■ What to work on: No pictures belong in the copy. Restate the rest of the data exactly.

■ Dataset section:

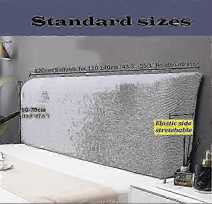 Single Bed Headboard Cover,Solid Color Elastic Protection Bed Headboard Cover Used For Bedroom Decoration Light Grey 120cm(43.3"-55.1")
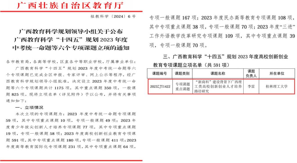 近日,自治区教育厅公布了《广西教育科学规划领导小组关于公布广西教育科学“十四五”规划2023年度中考统一命题等六个专项课题立项的通知》,2138CC太阳集团李雷教授主持的《“新商科”建设背景下广西理工类高校创新创业人才培养路径研究》获得高校创新创业教育专项课题重点课题立项。2138CC太阳集团将以此次广西教育科学“十四五”规划2023年度课题立项为契机,进一步提升教师的科研水平,提升学院服务地方能力,助力高校创新创业教育高质量发展。...
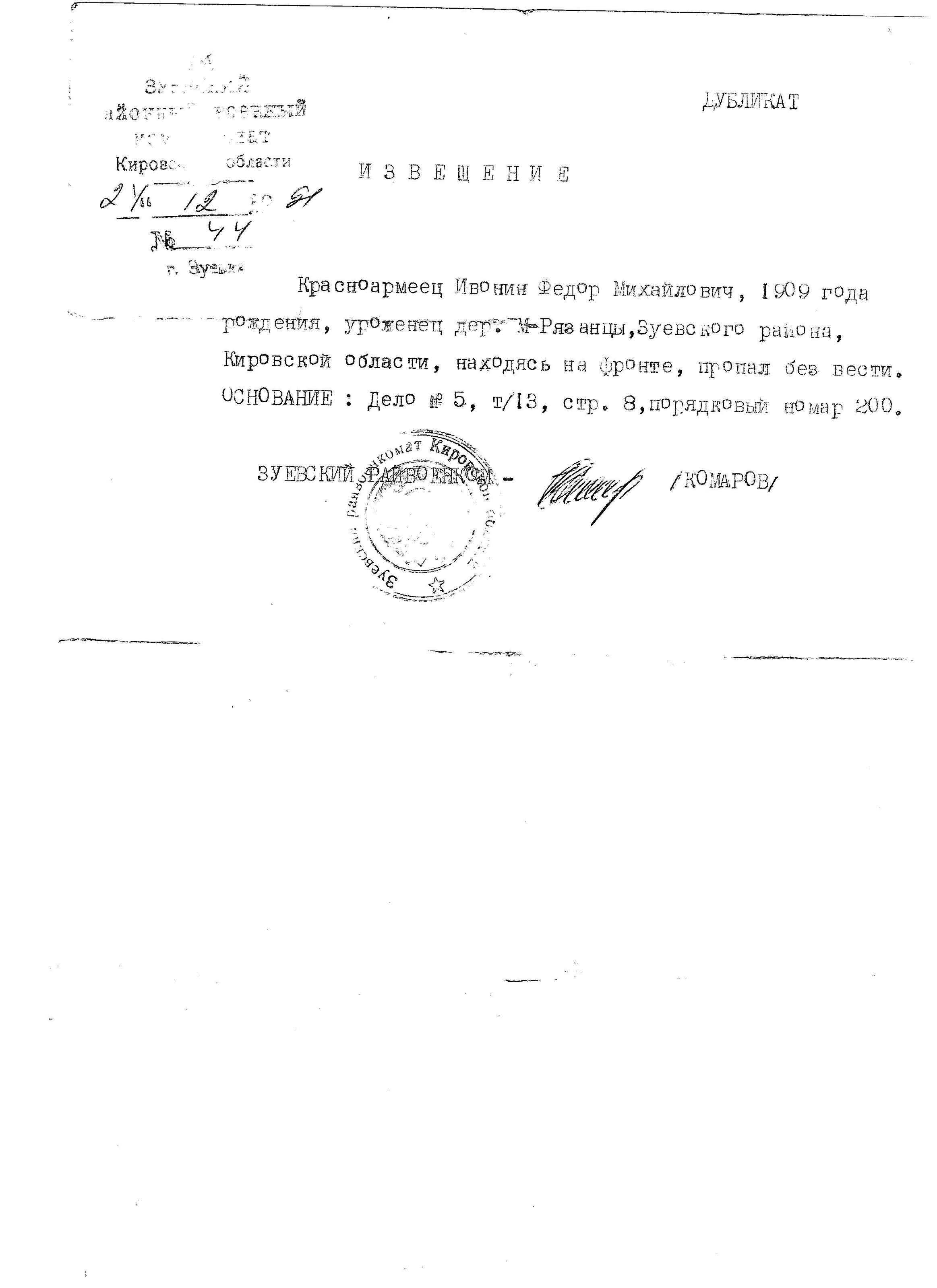 Re: ИВОНИН ФЁДОР МИХАЙЛОВИЧ

■ Completed exercise:
 Single Bed Headboard Cover,Solid Color Elastic Protection Bed Headboard Cover Used For Bedroom Decoration Light Grey 120cm(43.3"-55.1")
 近日,自治区教育厅公布了《广西教育科学规划领导小组关于公布广西教育科学“十四五”规划2023年度中考统一命题等六个专项课题立项的通知》,2138CC太阳集团李雷教授主持的《“新商科”建设背景下广西理工类高校创新创业人才培养路径研究》获得高校创新创业教育专项课题重点课题立项。2138CC太阳集团将以此次广西教育科学“十四五”规划2023年度课题立项为契机,进一步提升教师的科研水平,提升学院服务地方能力,助力高校创新创业教育高质量发展。...
 Re: ИВОНИН ФЁДОР МИХАЙЛОВИЧ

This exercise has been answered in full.